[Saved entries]

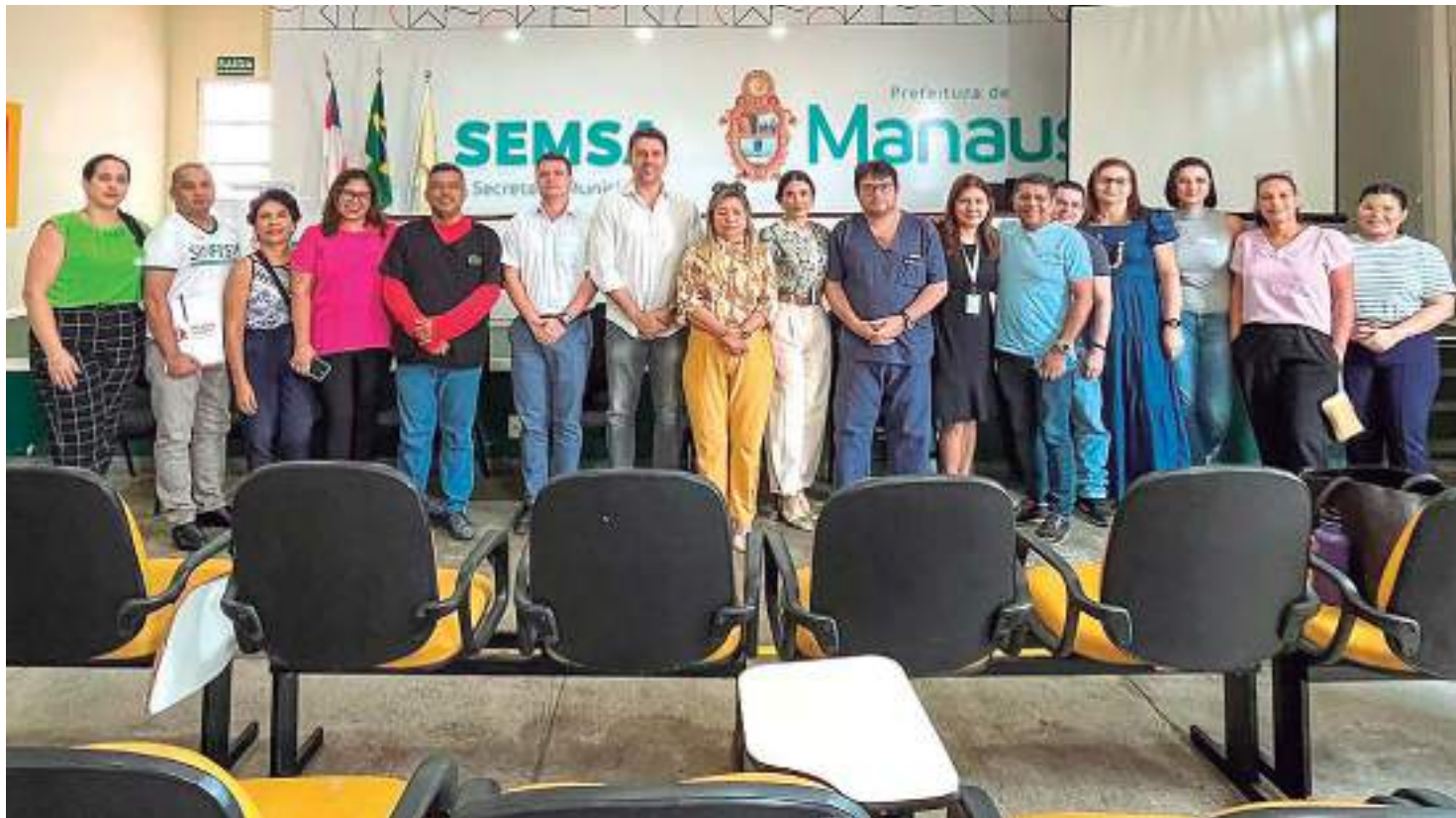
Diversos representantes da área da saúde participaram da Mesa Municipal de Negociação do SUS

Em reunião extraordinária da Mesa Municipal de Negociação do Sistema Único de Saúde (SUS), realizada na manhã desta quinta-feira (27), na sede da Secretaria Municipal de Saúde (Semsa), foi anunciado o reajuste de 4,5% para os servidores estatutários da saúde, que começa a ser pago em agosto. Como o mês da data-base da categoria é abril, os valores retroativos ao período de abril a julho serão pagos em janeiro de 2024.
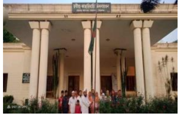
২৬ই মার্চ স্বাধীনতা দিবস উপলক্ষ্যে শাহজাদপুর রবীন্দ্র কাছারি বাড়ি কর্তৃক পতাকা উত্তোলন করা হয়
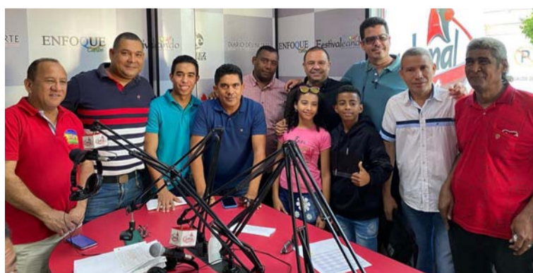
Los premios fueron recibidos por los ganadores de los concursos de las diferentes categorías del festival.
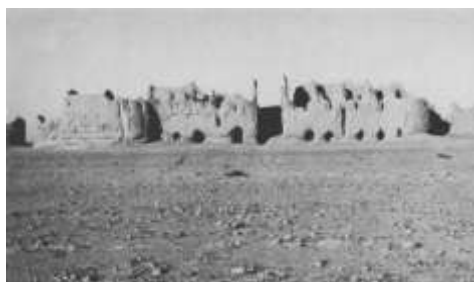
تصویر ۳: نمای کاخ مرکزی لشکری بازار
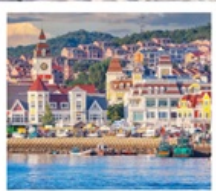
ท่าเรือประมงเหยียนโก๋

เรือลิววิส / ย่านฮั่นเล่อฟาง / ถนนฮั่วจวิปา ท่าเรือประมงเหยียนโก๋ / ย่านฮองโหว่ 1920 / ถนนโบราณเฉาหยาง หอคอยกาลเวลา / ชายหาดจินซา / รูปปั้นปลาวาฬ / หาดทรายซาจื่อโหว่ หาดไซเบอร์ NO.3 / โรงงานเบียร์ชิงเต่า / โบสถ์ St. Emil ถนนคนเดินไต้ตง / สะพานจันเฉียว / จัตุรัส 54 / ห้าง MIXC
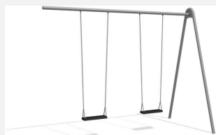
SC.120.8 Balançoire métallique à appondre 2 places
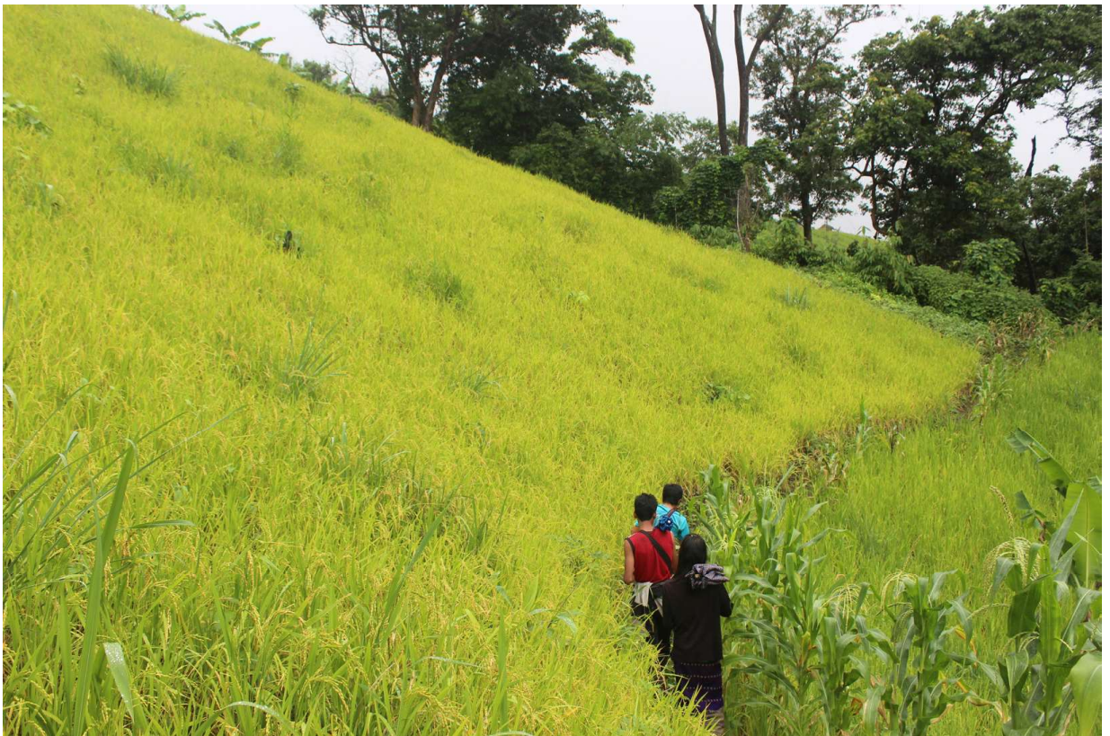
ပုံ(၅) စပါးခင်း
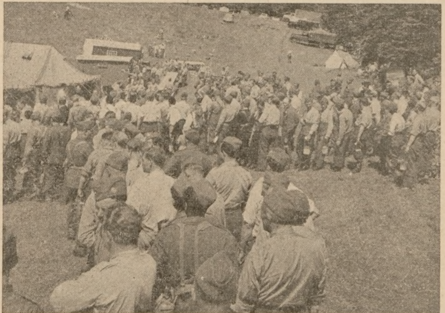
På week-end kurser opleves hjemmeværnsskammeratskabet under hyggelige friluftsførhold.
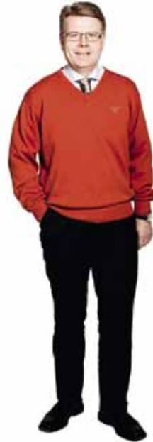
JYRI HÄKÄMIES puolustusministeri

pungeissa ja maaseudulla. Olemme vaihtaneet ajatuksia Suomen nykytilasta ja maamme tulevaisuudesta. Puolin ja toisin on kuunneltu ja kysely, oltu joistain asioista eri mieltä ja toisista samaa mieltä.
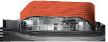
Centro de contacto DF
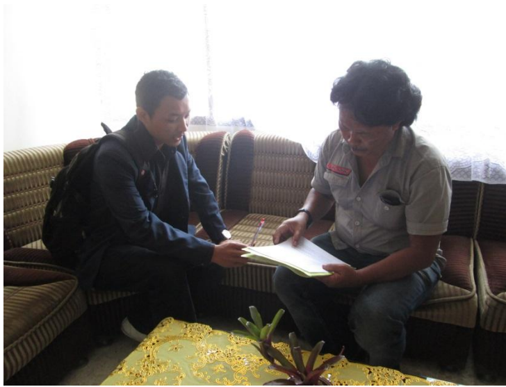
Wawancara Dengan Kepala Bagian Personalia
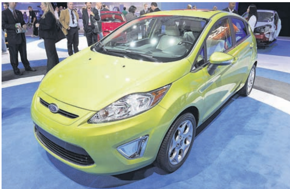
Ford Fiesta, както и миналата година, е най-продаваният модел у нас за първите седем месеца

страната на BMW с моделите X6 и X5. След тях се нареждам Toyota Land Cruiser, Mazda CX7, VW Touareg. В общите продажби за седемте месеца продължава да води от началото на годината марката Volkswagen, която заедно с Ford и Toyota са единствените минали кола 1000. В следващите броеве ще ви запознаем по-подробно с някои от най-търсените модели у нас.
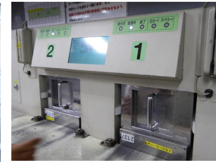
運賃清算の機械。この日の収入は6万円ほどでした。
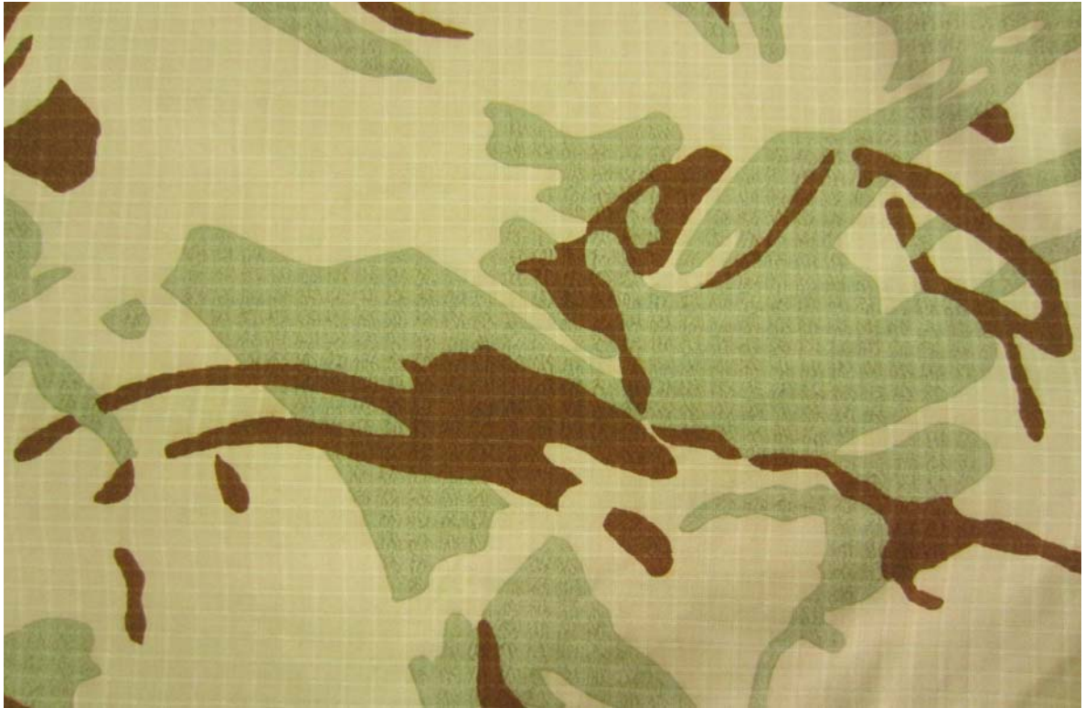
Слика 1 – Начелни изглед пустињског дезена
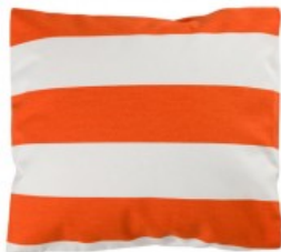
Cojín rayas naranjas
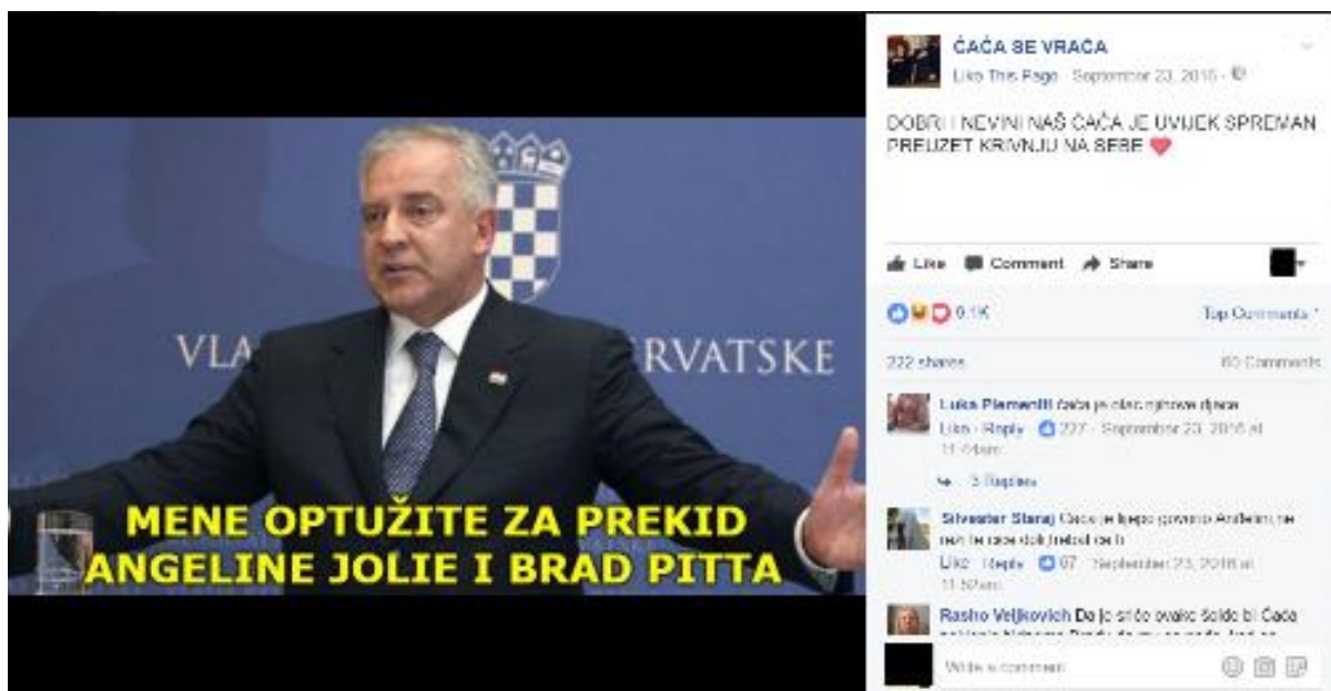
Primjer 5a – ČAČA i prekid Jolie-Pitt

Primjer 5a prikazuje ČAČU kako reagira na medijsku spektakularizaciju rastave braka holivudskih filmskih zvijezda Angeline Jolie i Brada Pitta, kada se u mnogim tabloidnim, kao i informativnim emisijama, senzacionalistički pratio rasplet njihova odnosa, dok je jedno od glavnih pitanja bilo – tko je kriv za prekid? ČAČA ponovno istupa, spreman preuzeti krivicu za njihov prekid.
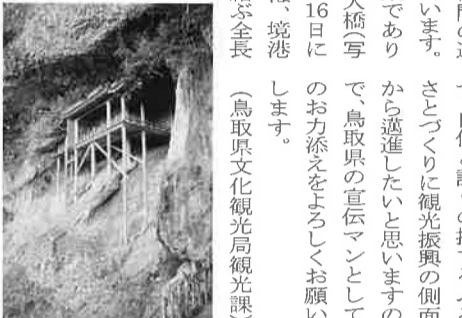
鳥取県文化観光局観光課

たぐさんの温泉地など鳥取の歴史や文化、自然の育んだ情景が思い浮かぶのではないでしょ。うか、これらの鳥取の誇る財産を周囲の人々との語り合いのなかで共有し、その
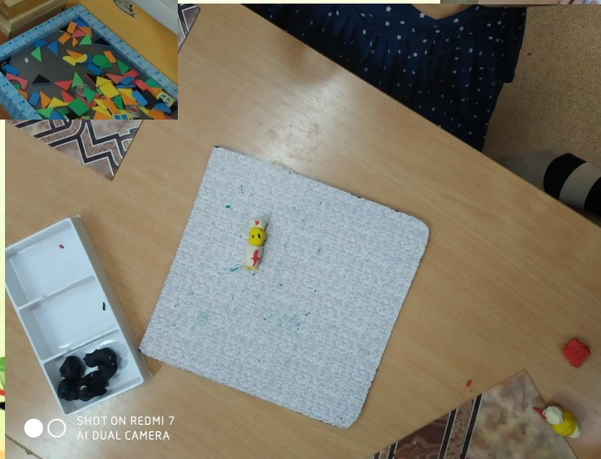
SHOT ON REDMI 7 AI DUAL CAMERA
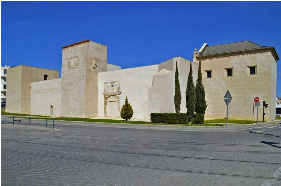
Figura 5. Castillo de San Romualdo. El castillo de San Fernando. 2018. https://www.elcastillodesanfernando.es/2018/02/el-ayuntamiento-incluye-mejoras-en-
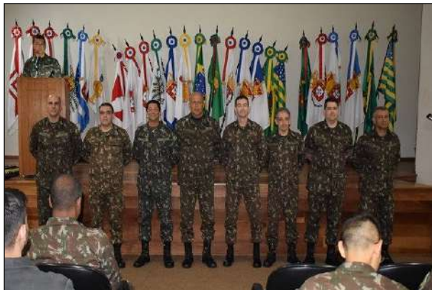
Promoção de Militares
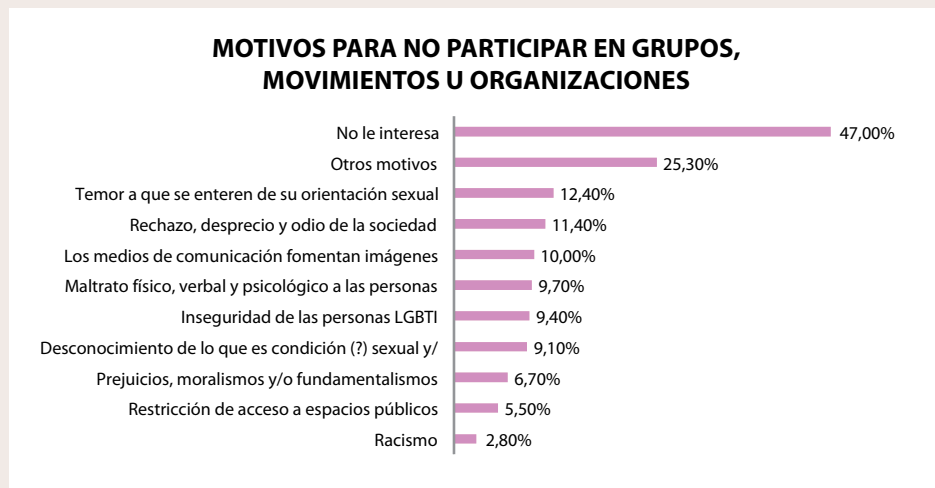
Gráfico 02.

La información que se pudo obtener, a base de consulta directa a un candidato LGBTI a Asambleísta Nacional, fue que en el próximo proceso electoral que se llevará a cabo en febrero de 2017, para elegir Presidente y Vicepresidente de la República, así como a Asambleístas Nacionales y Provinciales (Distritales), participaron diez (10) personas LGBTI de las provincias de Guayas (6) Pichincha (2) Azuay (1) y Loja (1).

▸ **Action item**: Transcribe all of the entries word for word, but skip any pictures they contain.

▸ **Solution below**:
Diversos representantes da área da saúde participaram da Mesa Municipal de Negociação do SUS

Em reunião extraordinária da Mesa Municipal de Negociação do Sistema Único de Saúde (SUS), realizada na manhã desta quinta-feira (27), na sede da Secretaria Municipal de Saúde (Semsa), foi anunciado o reajuste de 4,5% para os servidores estatutários da saúde, que começa a ser pago em agosto. Como o mês da data-base da categoria é abril, os valores retroativos ao período de abril a julho serão pagos em janeiro de 2024.
২৬ই মার্চ স্বাধীনতা দিবস উপলক্ষ্যে শাহজাদপুর রবীন্দ্র কাছারি বাড়ি কর্তৃক পতাকা উত্তোলন করা হয়
Los premios fueron recibidos por los ganadores de los concursos de las diferentes categorías del festival.
تصویر ۳: نمای کاخ مرکزی لشکری بازار
ท่าเรือประมงเหยียนโก๋

เรือลิววิส / ย่านฮั่นเล่อฟาง / ถนนฮั่วจวิปา ท่าเรือประมงเหยียนโก๋ / ย่านฮองโหว่ 1920 / ถนนโบราณเฉาหยาง หอคอยกาลเวลา / ชายหาดจินซา / รูปปั้นปลาวาฬ / หาดทรายซาจื่อโหว่ หาดไซเบอร์ NO.3 / โรงงานเบียร์ชิงเต่า / โบสถ์ St. Emil ถนนคนเดินไต้ตง / สะพานจันเฉียว / จัตุรัส 54 / ห้าง MIXC
SC.120.8 Balançoire métallique à appondre 2 places
ပုံ(၅) စပါးခင်း
På week-end kurser opleves hjemmeværnsskammeratskabet under hyggelige friluftsførhold.
JYRI HÄKÄMIES puolustusministeri

pungeissa ja maaseudulla. Olemme vaihtaneet ajatuksia Suomen nykytilasta ja maamme tulevaisuudesta. Puolin ja toisin on kuunneltu ja kysely, oltu joistain asioista eri mieltä ja toisista samaa mieltä.
Centro de contacto DF
Wawancara Dengan Kepala Bagian Personalia
Ford Fiesta, както и миналата година, е най-продаваният модел у нас за първите седем месеца

страната на BMW с моделите X6 и X5. След тях се нареждам Toyota Land Cruiser, Mazda CX7, VW Touareg. В общите продажби за седемте месеца продължава да води от началото на годината марката Volkswagen, която заедно с Ford и Toyota са единствените минали кола 1000. В следващите броеве ще ви запознаем по-подробно с някои от най-търсените модели у нас.
運賃清算の機械。この日の収入は6万円ほどでした。
Слика 1 – Начелни изглед пустињског дезена
Cojín rayas naranjas
Primjer 5a – ČAČA i prekid Jolie-Pitt

Primjer 5a prikazuje ČAČU kako reagira na medijsku spektakularizaciju rastave braka holivudskih filmskih zvijezda Angeline Jolie i Brada Pitta, kada se u mnogim tabloidnim, kao i informativnim emisijama, senzacionalistički pratio rasplet njihova odnosa, dok je jedno od glavnih pitanja bilo – tko je kriv za prekid? ČAČA ponovno istupa, spreman preuzeti krivicu za njihov prekid.
鳥取県文化観光局観光課

たぐさんの温泉地など鳥取の歴史や文化、自然の育んだ情景が思い浮かぶのではないでしょ。うか、これらの鳥取の誇る財産を周囲の人々との語り合いのなかで共有し、その
SHOT ON REDMI 7 AI DUAL CAMERA
Figura 5. Castillo de San Romualdo. El castillo de San Fernando. 2018. https://www.elcastillodesanfernando.es/2018/02/el-ayuntamiento-incluye-mejoras-en-
Promoção de Militares
Gráfico 02.

La información que se pudo obtener, a base de consulta directa a un candidato LGBTI a Asambleísta Nacional, fue que en el próximo proceso electoral que se llevará a cabo en febrero de 2017, para elegir Presidente y Vicepresidente de la República, así como a Asambleístas Nacionales y Provinciales (Distritales), participaron diez (10) personas LGBTI de las provincias de Guayas (6) Pichincha (2) Azuay (1) y Loja (1).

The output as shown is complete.